When bureaucrats play Tetris with cultural institutions, the blocks never fit quite right. Kirill Krok, the fiery-tongued director of Vakhtangov Theatre, has unleashed a torrent of criticism against Moscow's controversial theatre merger scheme, comparing the forced unions to "marrying a ballet dancer to a heavy metal drummer."
The cultural earthquake began when authorities decided to weld together the avant-garde Hermitage Theatre with the more traditional Sphere Theatre - two institutions sharing nothing but proximity in the same garden. "It's like serving caviar on a paper plate," Krok scoffed during our conversation, his voice dripping with the kind of theatrical disdain usually reserved for bad opening nights.
Particular venom was reserved for the marriage of student-driven MOST Theatre with the century-old Mossovet Theatre. "You might as well combine a kindergarten with a university faculty," Krok remarked, his fingers drumming an impatient rhythm on his oak desk. "Different audiences, different purposes, different souls."

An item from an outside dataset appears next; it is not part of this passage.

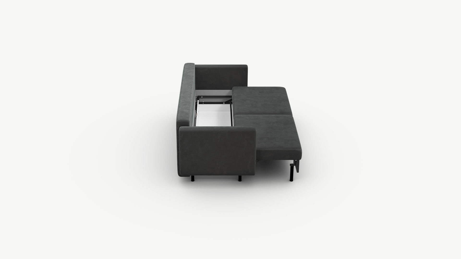 Механизм трансформации «Пантограф» подходит для ежедневного использования. Диван легко раскладывается и складывается, не повреждая напольное покрытие. Диван стоит на четырех основных опорах, в то время как дополнительные остаются скрытыми, появляясь плавно и бесшумно в единственно нужный момент — при трансформации дивана в кровать.

Krok dismantled the economic justification with surgical precision: "Saving one director's salary won't repave a single Moscow alleyway." His math cut through the bureaucratic fog - even with benefits and taxes accounted for, the savings amount to less than a rounding error in the city's multibillion-ruble budget.
Behind the financial theater, Krok detects a more ominous plot - the slow homogenization of Moscow's cultural landscape. "Soon we'll have theatrical Big Macs," he warned, "identical in every district, with extra fries of mediocrity." The veteran director sees the mergers as the first act in a tragedy where unique artistic voices get drowned out by administrative convenience.
As our conversation turned to recent controversies, Krok didn't soften his stance. When asked about collaborating with recently paroled actors, his response could have frozen vodka: "My stage isn't a rehabilitation center for intoxicated performers." The message was clear - in Krok's theatre, artistic standards remain the uncompromising director of every production.